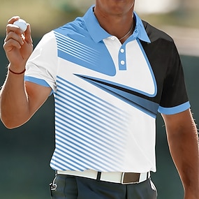 Homens Geométrico Golf Camisas Polo Esportivas Manga Curta Camisas polo Camisas de colarinho Casual Roupa Esportiva Botões Verão Primavera Azul Branco Roxo
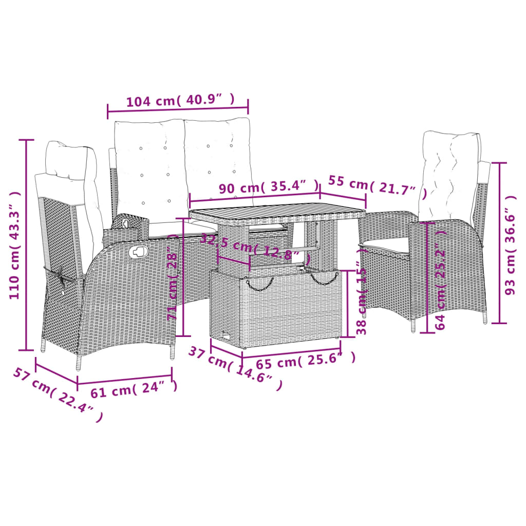 vidaXL Σετ Τραπεζαρίας Κήπου με Μαξιλάρια 4 τεμ. Μαύρο από Συνθ. Ρατάν
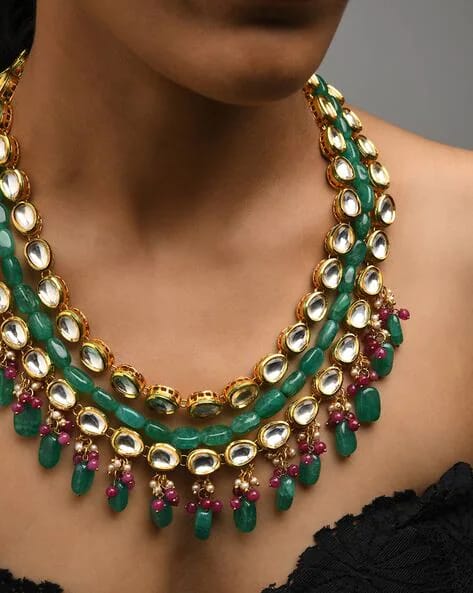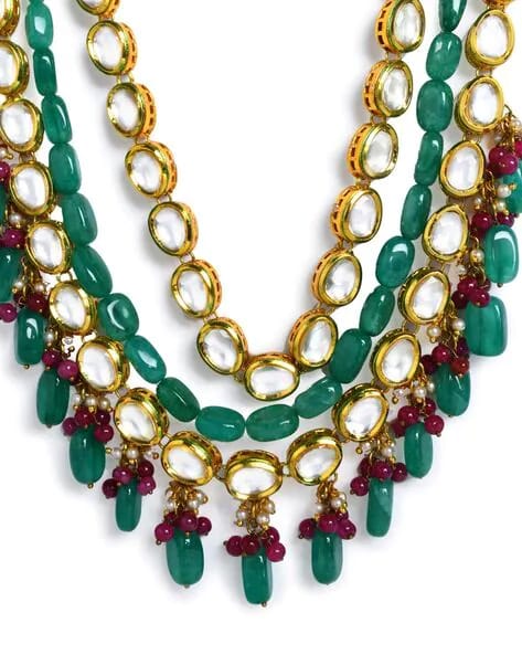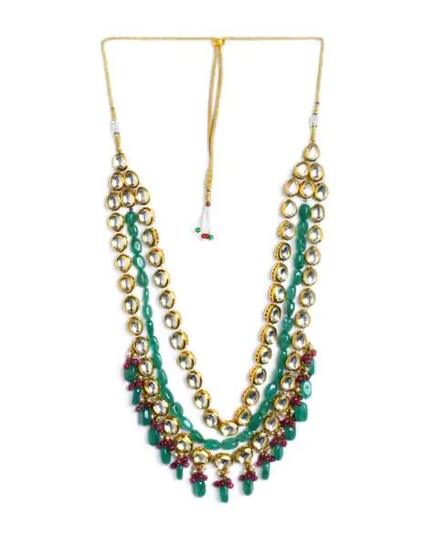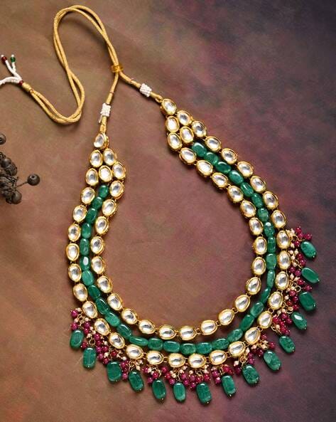 Gold-Plated Kundan-Studded & Beaded Nacklace
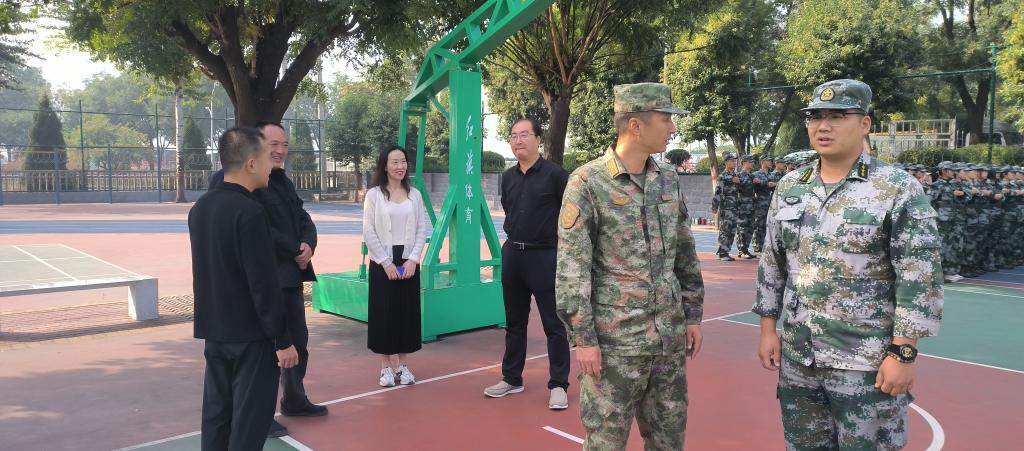 10月17日上午,校徐福记食品有限公司官网部长刘韶晖、军训团团长马进军一行人来到洹滨校区军训现场,和洹滨校区领导班子成员一同看望军训教官和参训学生。

+++++

[Exercise goal]
Reproduce the preceding material exactly, skipping pictures.

[Result of this exercise]
 Homens Geométrico Golf Camisas Polo Esportivas Manga Curta Camisas polo Camisas de colarinho Casual Roupa Esportiva Botões Verão Primavera Azul Branco Roxo
 vidaXL Σετ Τραπεζαρίας Κήπου με Μαξιλάρια 4 τεμ. Μαύρο από Συνθ. Ρατάν
 Gold-Plated Kundan-Studded & Beaded Nacklace
 10月17日上午,校徐福记食品有限公司官网部长刘韶晖、军训团团长马进军一行人来到洹滨校区军训现场,和洹滨校区领导班子成员一同看望军训教官和参训学生。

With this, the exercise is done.